Given information Start Marker

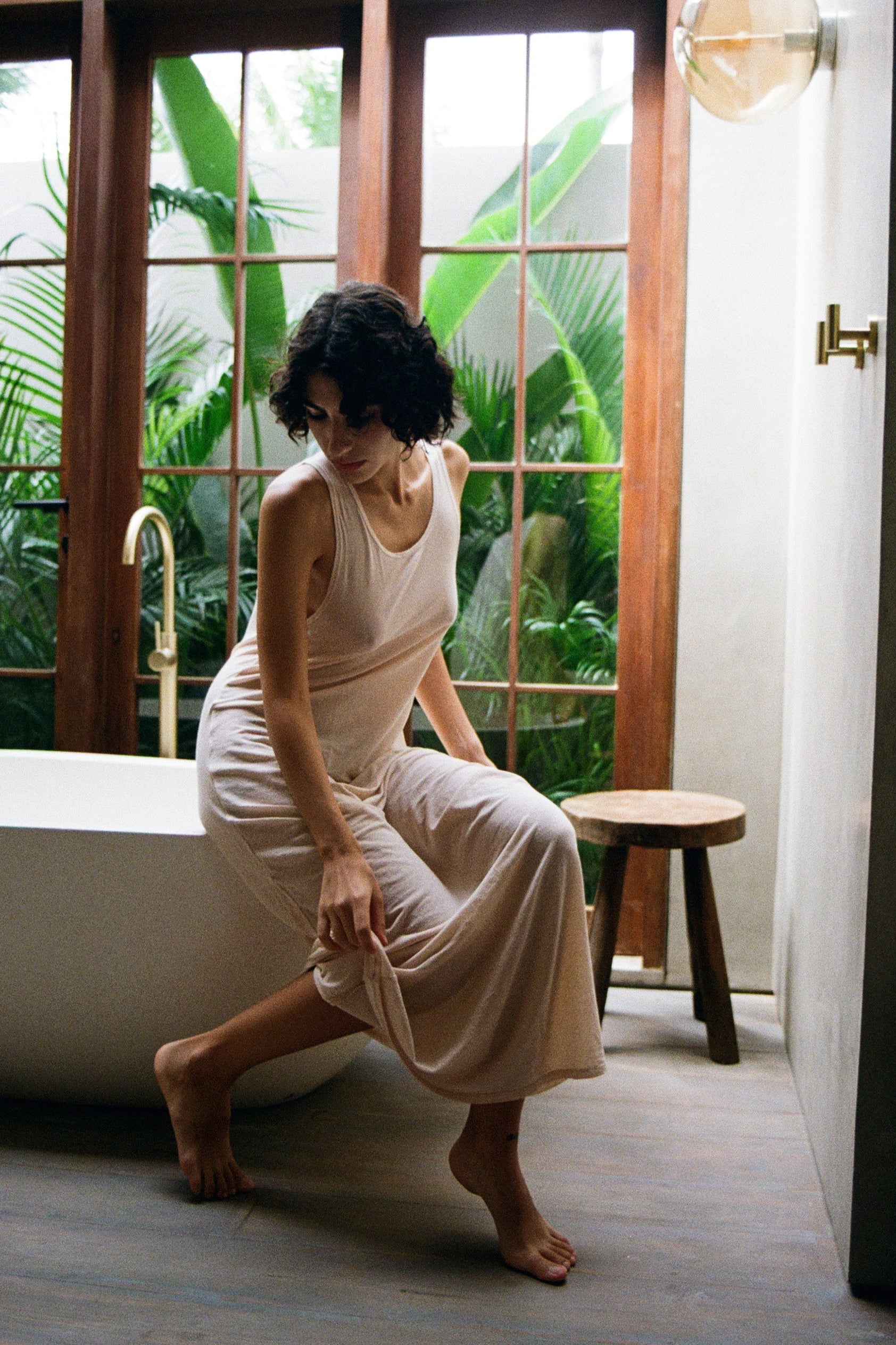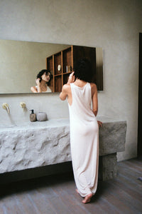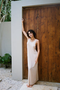 Maxi dress made from lightweight knit. The semi-sheer fabric flows softly over the body, letting the silhouette show through. A deep scoop back and open sides highlight the shape, while gently covering the chest. Comfortable, easy, and made to move with you.
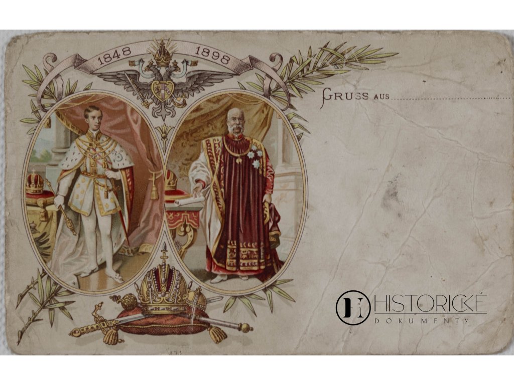 Jubilejní korespondenční karta s portrétem císaře Františka Josefa I., vydaná k 50. výročí jeho vlády (1848-1908). Představuje cenný filatelistický a historický doklad oslav významného jubilea habsburské monarchie. Pro sběratele je zajímavým artefaktem dokumentujícím oficiální oslavy dlouhé vlády císaře.
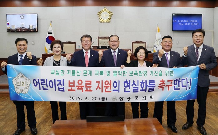 군의회는 "이에 따라 국가 차원의 현실적인 보육료 지원이 반드시 필요하다"며 보건복지부가 표준보육비용 이상의 보육료 지원, 어린이집 급식비 현실화, 민간·가정 보육시설 인건비 별도 책정으로 전문성 있는 보육교사 확보 여건을 조성토록 촉구했다.

Given information End Marker

What to produce
A word-for-word copy of the material is required; pictures stay out of it.

Result of the task
 Maxi dress made from lightweight knit. The semi-sheer fabric flows softly over the body, letting the silhouette show through. A deep scoop back and open sides highlight the shape, while gently covering the chest. Comfortable, easy, and made to move with you.
 Jubilejní korespondenční karta s portrétem císaře Františka Josefa I., vydaná k 50. výročí jeho vlády (1848-1908). Představuje cenný filatelistický a historický doklad oslav významného jubilea habsburské monarchie. Pro sběratele je zajímavým artefaktem dokumentujícím oficiální oslavy dlouhé vlády císaře.
 군의회는 "이에 따라 국가 차원의 현실적인 보육료 지원이 반드시 필요하다"며 보건복지부가 표준보육비용 이상의 보육료 지원, 어린이집 급식비 현실화, 민간·가정 보육시설 인건비 별도 책정으로 전문성 있는 보육교사 확보 여건을 조성토록 촉구했다.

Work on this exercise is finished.